Итак, он за Вас не держится, он следует с Вами ради собственного, а не Вашего удовольствия, как бывает, когда Пила следует за судном. Эта Пила – летучая рыбообразная морская тварь потрясающих размеров, с поразительно громадными крыльями и перьями, при помощи которых она носится над водами быстрее, чем Орел, когда преследует Журавля. Перья у нее остры как бритва. Пила, о которой я здесь повествую, так наслаждается развиваемой скоростью, что, завидев плывущее судно, пускается в соревнование, дабы убедиться, что летит быстрее. И рядом с судном скользит она с распростертыми крыльями, проходя за раз полсотни или сотню верст. Но когда слабеет ее дыхание, Пила чувствует стыд оттого, что проиграла. Она не сдается понемногу, стараясь обогнать корабль. Нет, едва лишь судно ее немного обойдет, Пила свернет крылья и погрузится на морское дно.
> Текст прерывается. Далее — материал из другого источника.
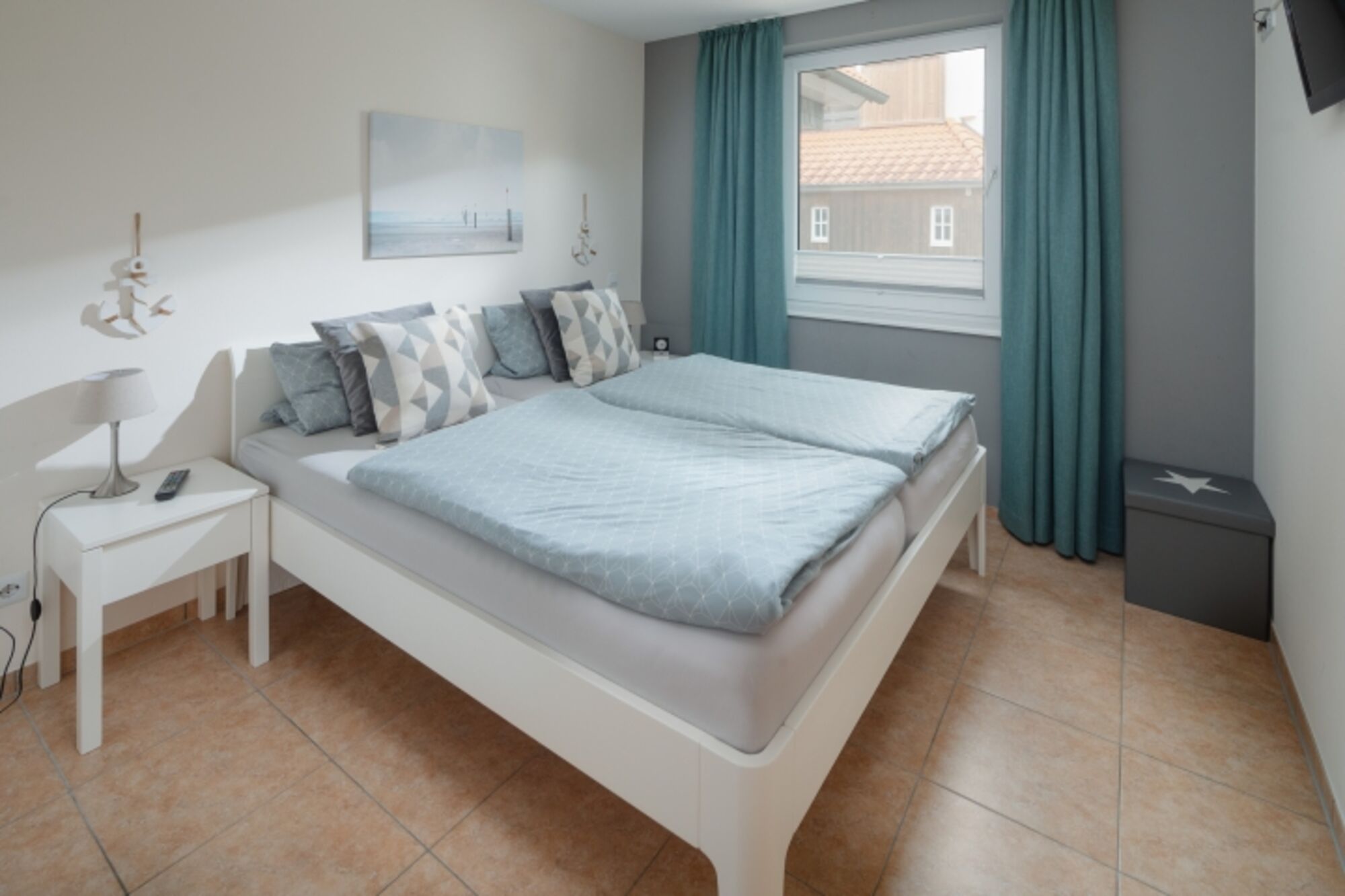 Die angebotene, modern ausgestattete 4 Sterne, 100 qm EG-Wohnung Süd ( barrierefrei ) mit einer großen Südterrasse bietet Platz für bis zu 6 Personen. Die drei Schlafzimmer mit Wohlfühlambiente haben jeweils ein Doppelbett, sowie einen großen Kleiderschrank, mit einem Safe und eine gemütliche Sitzgelegenheit.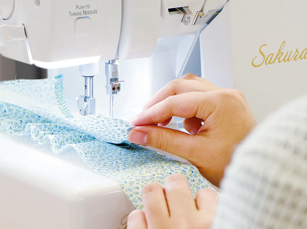 布端のかがり縫いができ、均等にギャザーが寄るので、手で寄せるよりも圧倒的に早くラクに仕上げることができます。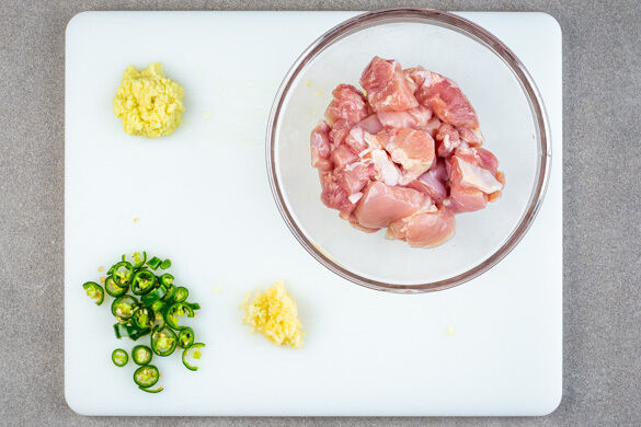 Die Peperoni in feine Ringe schneiden. Tipp: Für weniger Schärfe die Kerne entfernen. Den Knoblauch schälen und sehr fein würfeln oder durch eine Knoblauchpresse drücken. Den Ingwer schälen und fein reiben. Das Fleisch trocken tupfen und in ca. 2cm große Stücke schneiden.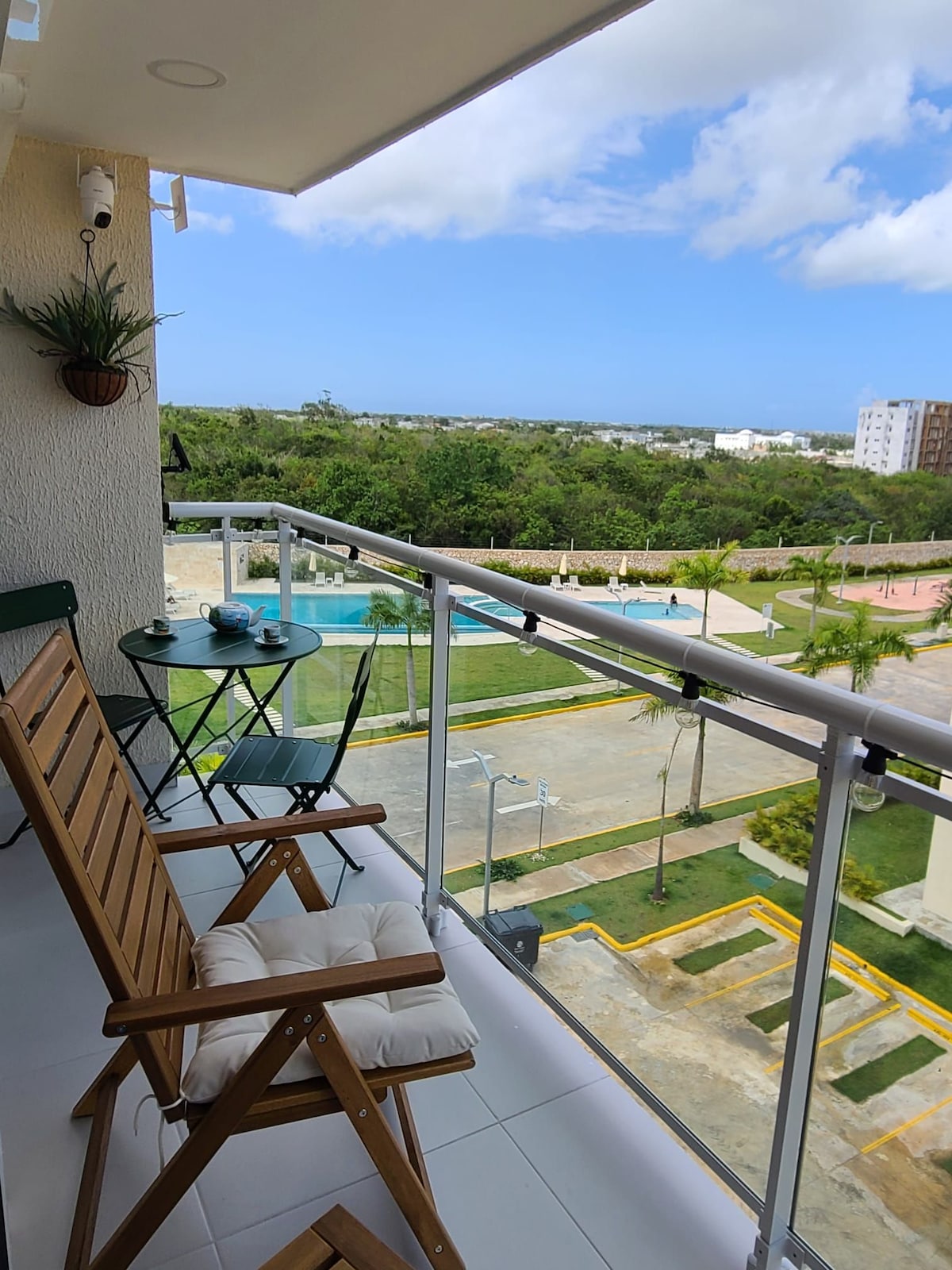 Téigh siar agus lig do scíth sa spás socair galánta seo ina bhfuil radharc álainn ar an linn snámha. Tá an t - árasán 1 leaba, 1 leaba leapa seo suite ar an gcúigiú hurlár, agus tá gach rud a theastaíonn uait le bheith ar do shuaimhneas, lena n - áirítear aerchóiriú i ngach seomra agus uisce te. Lonnaithe díreach 15 nóiméad ó Aerfort Punta Cana (PUJ), agus 5 nóiméad ó Coco bongo. Tá gach rud a theastaíonn uait agat díreach nóiméad ar shiúl. Is féidir leat do scíth a ligean sa linn snámha, árasán thar a bheith sábháilte, agus comharsanacht (slándáil 24/7) freisin. Tá leictreachas SAN ÁIREAMH 10 kwh in aghaidh na hoíche.

Вам я говорю: он следует за Вами именно таким образом, пока ему служит дыхание. Конечно, он исполняет Вашу волю, когда это не противоречит его желаниям. Но если Ваши желания и его воля придут в противоречие, он не захочет испытать малейшего недовольства, чтобы претерпеть и примириться с Вами. Он Вас оставит совершенно из-за единственной гневной вспышки. Почему я и говорю: Вы его держите, а он за Вас не держится. Но хоть Вы не держите меня, вполне очевидно, что я держусь за Вас, поскольку – тысяча извинений – Вы злили меня так часто, что если б я из-за злости хотел Вас бросить, то, разумеется, так и сделал бы, когда б отчаянно не любил.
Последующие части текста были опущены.